厚底革命で激変の箱根路…7区間で区間新「出ちゃった」戸惑う選手も 青学大は順応

 「箱根駅伝・復路」(3日、神奈川県箱根町芦ノ湖駐車場~東京・大手町)

 青学大が2年ぶり5度目の総合優勝を果たし、令和最初の箱根王者となった。総合タイムは10時間45分23秒の大会新記録。往路は5時間21分16秒の大会新、復路は5時間24分07秒だった。総合2連覇を狙った東海大は復路で5時間23分47秒の復路新記録をマークしたが、青学大から3分2秒引き離された2位に終わった。絶好の気象条件に加え、長距離界を席巻しているナイキ社の厚底シューズの影響もあり、全10区間のうち、7区間で区間新記録が出るという“超速の箱根”となった。

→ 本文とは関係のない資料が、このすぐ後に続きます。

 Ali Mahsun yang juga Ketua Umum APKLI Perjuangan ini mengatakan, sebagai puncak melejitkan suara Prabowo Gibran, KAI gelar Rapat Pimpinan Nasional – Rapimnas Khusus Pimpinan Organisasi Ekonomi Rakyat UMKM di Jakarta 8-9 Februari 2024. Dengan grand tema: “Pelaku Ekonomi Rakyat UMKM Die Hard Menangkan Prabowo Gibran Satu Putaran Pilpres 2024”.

 塗り替えられた記録の数が異質さを色濃く映し出す。各区間、往路、復路、総合記録で生まれた新記録は実に20。前代未聞の超速レースに、東洋大の酒井監督は「箱根駅伝が1つ上のステージに入った。これまでオーバーペースだったものが今では当たり前。違う景色を感じた」と、振り返った。

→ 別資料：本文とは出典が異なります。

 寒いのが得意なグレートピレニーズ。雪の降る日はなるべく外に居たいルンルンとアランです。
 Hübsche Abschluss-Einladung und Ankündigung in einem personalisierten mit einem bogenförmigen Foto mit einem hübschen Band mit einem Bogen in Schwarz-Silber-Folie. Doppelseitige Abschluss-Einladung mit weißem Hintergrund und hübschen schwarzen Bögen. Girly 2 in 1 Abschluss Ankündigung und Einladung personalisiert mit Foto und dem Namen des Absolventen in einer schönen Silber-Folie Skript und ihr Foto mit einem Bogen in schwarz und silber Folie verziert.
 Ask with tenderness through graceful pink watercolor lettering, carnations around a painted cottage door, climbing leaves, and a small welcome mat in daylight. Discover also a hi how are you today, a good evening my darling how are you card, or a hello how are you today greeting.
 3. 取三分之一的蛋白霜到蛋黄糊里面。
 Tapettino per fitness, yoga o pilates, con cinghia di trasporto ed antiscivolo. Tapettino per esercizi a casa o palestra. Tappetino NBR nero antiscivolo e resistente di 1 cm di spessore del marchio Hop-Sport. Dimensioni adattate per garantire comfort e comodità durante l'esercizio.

 最終10区で区間新記録をマークした創価大の嶋津を除けば、個人の記録達成者のほとんどが、ピンクか左右色違いのナイキの厚底シューズを履いていた。カーボンファイバープレートによる推進力を得られ、足への負担が少ないとされる同シューズ。これまでであれば、突っ込み過ぎていると思われるハイペースで入っても、後半まで“足がもつ”。6区で区間新をマークした東洋大の今西。昨年卒業するまで最大のライバルだった小野田(当時青学大)の区間記録を上回ったが「出ちゃった感じ。小野田さんを超えたとは思っていない。一緒に走ってあの人の凄さを知っているので。小野田さんが今日は走っていたら、もっと速かったと思う。靴とかもあるので」と、複雑な表情を浮かべた。

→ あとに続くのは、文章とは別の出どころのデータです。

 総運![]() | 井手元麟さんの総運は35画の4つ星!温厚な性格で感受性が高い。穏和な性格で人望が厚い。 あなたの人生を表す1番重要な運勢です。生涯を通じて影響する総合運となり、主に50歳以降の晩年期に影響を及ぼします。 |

 もちろん全員が靴の恩恵を受けられるわけではない。これまでの常識外といえるペースで入れるだけの練習を積み、そして本番で勇気を持てるか。区間新を3人がマークしながら、11年連続で続いていた3位以内を逃し、10位に沈んだ東洋大の酒井監督は「(厚底は)走り方がマッチしないとはまらない」と話す。その意味で、今回、厚底を駆使し、安定した成績を残した青学大の調整力が一枚上だった。8位に終わった駒大の大八木監督は「靴は多少あったかもしれないが、(青学大は)やっぱり強い。そこまで持ってくるコンディショニングの巧さがある」と、脱帽した。